What we have here is a dynamite premise fumbled in the execution. BRIGHTBURN gives us a strange visitor from another planet crashing to Earth as a baby and taken in by a good-hearted, infertile farm couple (Elizabeth Banks, David Denman) in the midst of baby fever. As with that other story of an infant from outer space being the answer to a childless couples prayers, there is no accounting for how they explain the baby they find in the debris of a crashed spaceship to the local townsfolk, much less the authorities. As with that other story, the child shows signs of being special, as in never a cut, bruise, or broken bone. As NOT with that other story, this kid is not here to help. In fact, it posits a far more compelling idea. What if this kid with powers far beyond those of mere Earthlings, had trouble fitting in and didn’t have the Earth’s best interests at heart to help ameliorate that situation?
Said kid is Brandon (Jackson A. Dunn), a nice boy given to giving startlingly complete answers in class and to obsessively doodling a particular symbol in his notebooks. He is the apple of both parents’ eyes, and they of his, with a playful relationship of obvious mutual respect. Alas, as his 12th birthday arrives, the travails of adolescence, apparently a universe-wide phenomenon, kick in. Suddenly there is talking back with ominous hostility. There is a distinctly unsettling cast to Brandon’s awakening interest in the opposite sex. Chores become exercises in frustration when implements sputter. Bad enough with human children, but with Brandon, there is super-human strength with which to contend that makes the experience not just taxing, but acutely dangerous. Now all this would be interesting, even fun, except that with Dunn there is little difference in affect between his Brandon’s sweet self, moody tween, and the sleepwalker inexplicably drawn to that glowing thing locked up in the off-limits barn. That his chosen super-villain costume consists of the tattered remains of his interstellar baby blanket roughly fashioned into cape and balaclava further fail to imbue Brandon with the necessary menace, glowing red eyes notwithstanding.
Sure, there are clever parallels drawn between the strains put on any family dealing with adolescent angst. The cracks in the heretofore solid relationship between mom and dad as Brandon’s behavior becomes more and more difficult to dismiss as normal. The struggle for the boy himself to try to be good versus the gratification of getting even. In the hands of a better director with a more subtle script, something noteworthy might have emerged. Instead, it’s a 20-minute story stretched to feature-length with tedious swaths that may have been intended as suspense, but instead feel like so much padding to increase the running time. Brandon stalking chipper Aunt Merilee (Meredith Hagner), who is also his school counselor, when she threatens to go to the sheriff about Brandon’s lack of remorse over the injury he caused a cute classmate devolves into flickering lights that are less squirm-inducing than irritating in its monotony. Watching someone dig a shard of glass out of an eye becomes a gratuitously gory exploration of ocular anatomy rather than something unsettling, while the use of a red filter to simulate the vision of the injured eye comes across as simply cheesy.

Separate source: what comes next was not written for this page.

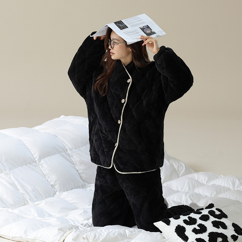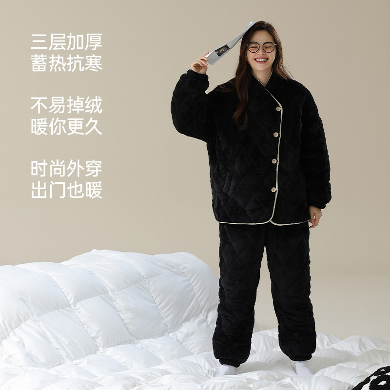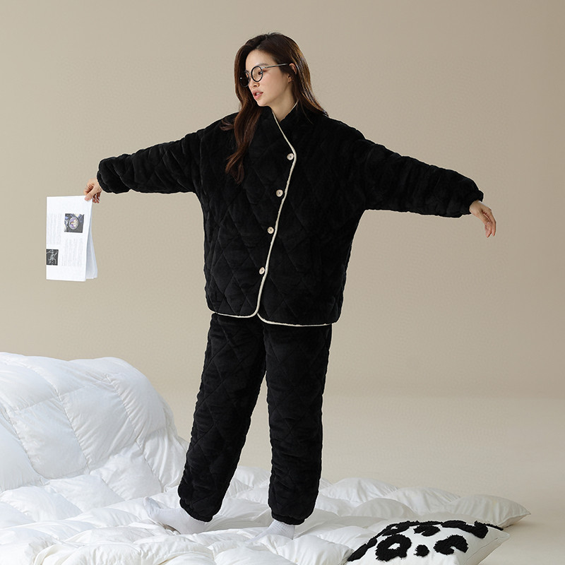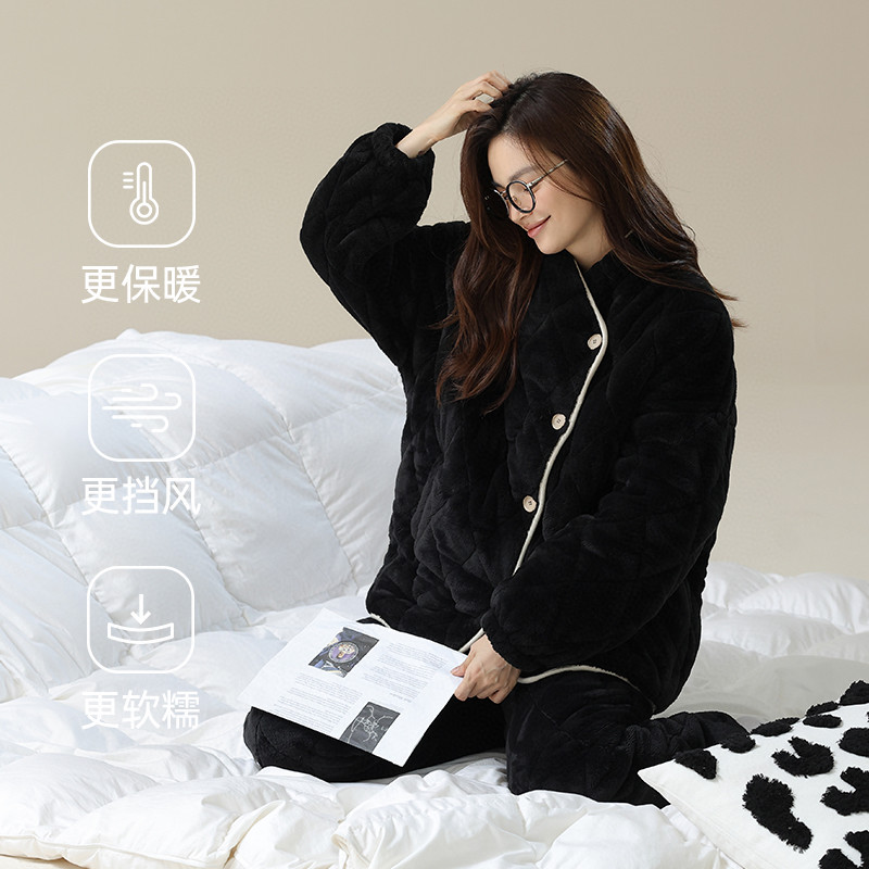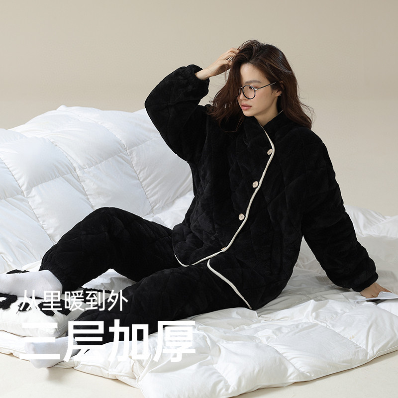 当前位置: 91家纺网 > 商品网购 > 居家日用 > 睡衣/家居服套装 > (总)2025新款夹棉立领女款黑色

By the time those ci-mentioned symbols start popping up at scenes of mayhem, the derivative nature of the opus has set in. BRIGHTBURN, named for the town in which it is set, reveals itself as a retread of THE BAD SEED with a whiff of THE OMEN, with only a not uninteresting trope involving the tensile strength of pendant track lighting as a note of originality. Beyond the set-up, in which one might include too much sugar as at least an ancillary cause for the difficulty in Brandon’s interpersonal skills, the whole is a series of increasingly gruesome interludes and concerned parents reacting to same, though, and this is a major failing, always at the same emotional pitch in both the depiction and the reaction. Banks, a fine actress of considerable depth and complexity, gives it her all, but she is alone out there in a moribund film that, with all its unanswered questions and would-be tantalizing clues, is clearly angling for the franchise it hasn’t earned. Rather, leave us follow the adventures of The Big T (Michael Rooker), the conspiracy-addled whose hyperbolic ravings on the internet appear under the closing credits.